The Fund’s Audit Oversight Committee (“Committee”) is charged with the oversight of the Fund’s financial reporting policies and practices and their internal controls. As part of this responsibility, the Committee must pre-approve any independent accounting firm’s engagement to render audit and/or permissible non-audit services, as required by law. In evaluating a proposed engagement by the independent accountants, the Committee will assess the effect that the engagement might reasonably be expected to have on the accountant’s independence. The Committee’s evaluation will be based on:
a review of the nature of the professional services expected to provided,
the fees to be charged in connection with the services expected to be provided,
a review of the safeguards put into place by the accounting firm to safeguard independence, and
periodic meetings with the accounting firm.

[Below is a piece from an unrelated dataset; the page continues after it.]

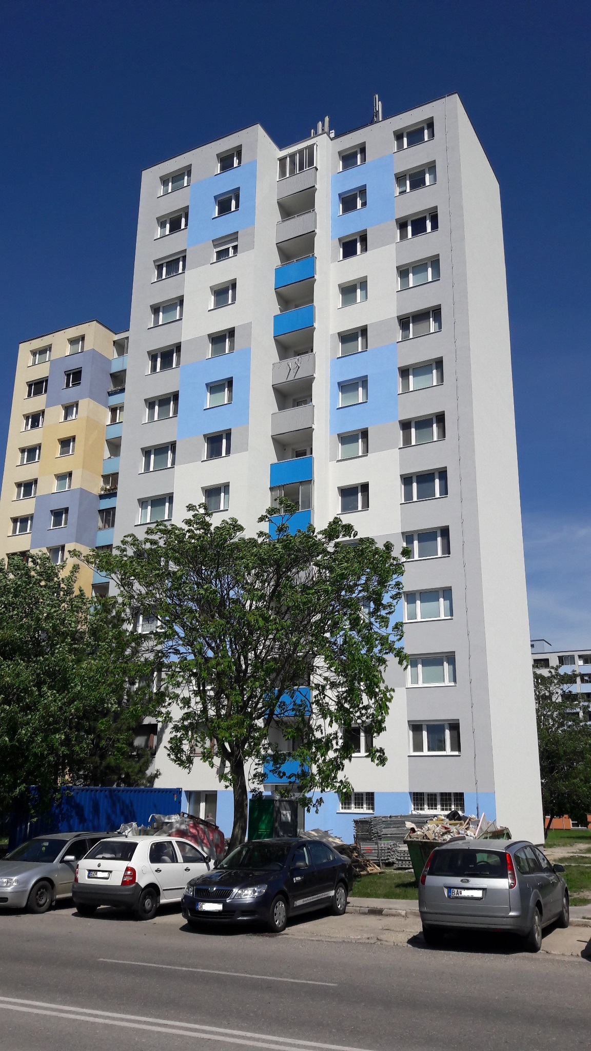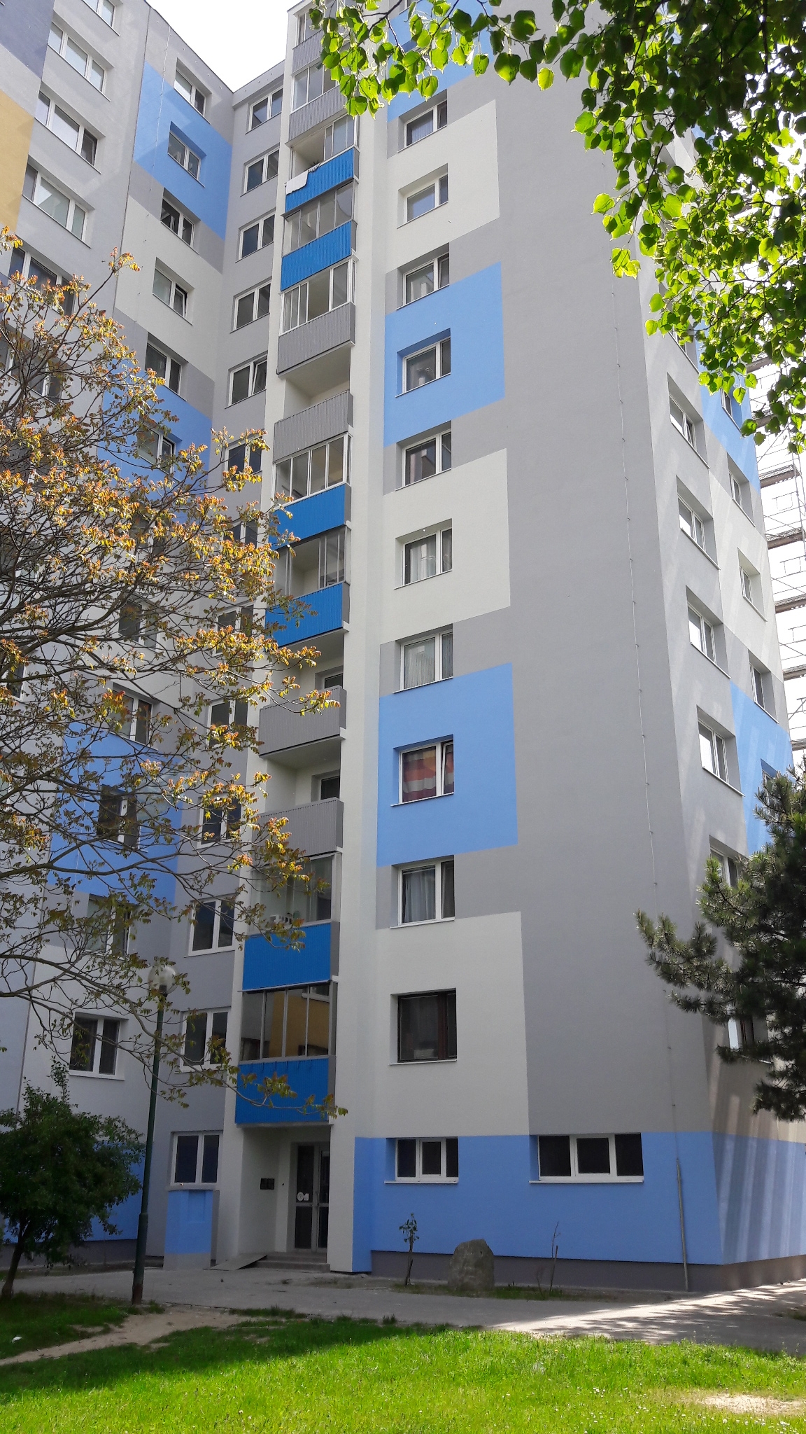 | Rozsah prác | Zateplenie obvodového plášťa, zateplenie stropov pivničných priestorov, sanácia lodžií, výmena vnútorných rozvodov ZTI a výmena výťahov |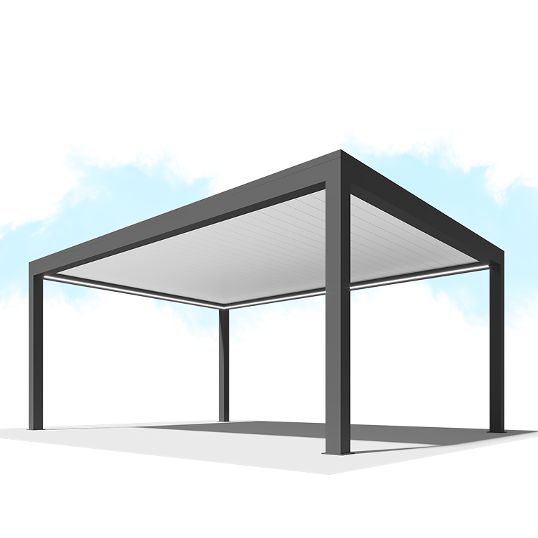 Крыша пергол серии B700 сделана из сдвижных ламелей. Элементы синхронно смещаются и поворачиваются, открывая крышу до 85%. Это позволяет поддерживать нужный микроклимат в жаркую, ветренную или холодную погоду, во время дождя. В припаркованном положении ламели формируют эстетичную кровлю.

POLICY FOR AUDIT AND NON-AUDIT SERVICES TO BE PROVIDED TO THE FUND
On an annual basis, the Fund’s Committee will review and pre-approve the scope of the audits of the Fund and proposed audit fees and permitted non-audit (including audit-related) services that may be performed by the Fund’s independent accountants. At least annually, the Committee will receive a report of all audit and non-audit services that were rendered in the previous calendar year pursuant to this Policy. In addition to the Committee’s pre-approval of services pursuant to this Policy, the engagement of the independent accounting firm for any permitted non-audit service provided to the Funds will also require the separate written pre-approval of the President of the Funds, who will confirm, independently, that the accounting firm’s engagement will not adversely affect the firm’s independence. All non-audit services performed by the independent accounting firm will be disclosed, as required, in filings with the Securities and Exchange Commission.
AUDIT SERVICES
The categories of audit services and related fees to be reviewed and pre-approved annually by the Committee are:
Annual Fund financial statement audits
Seed audits (related to new product filings, as required)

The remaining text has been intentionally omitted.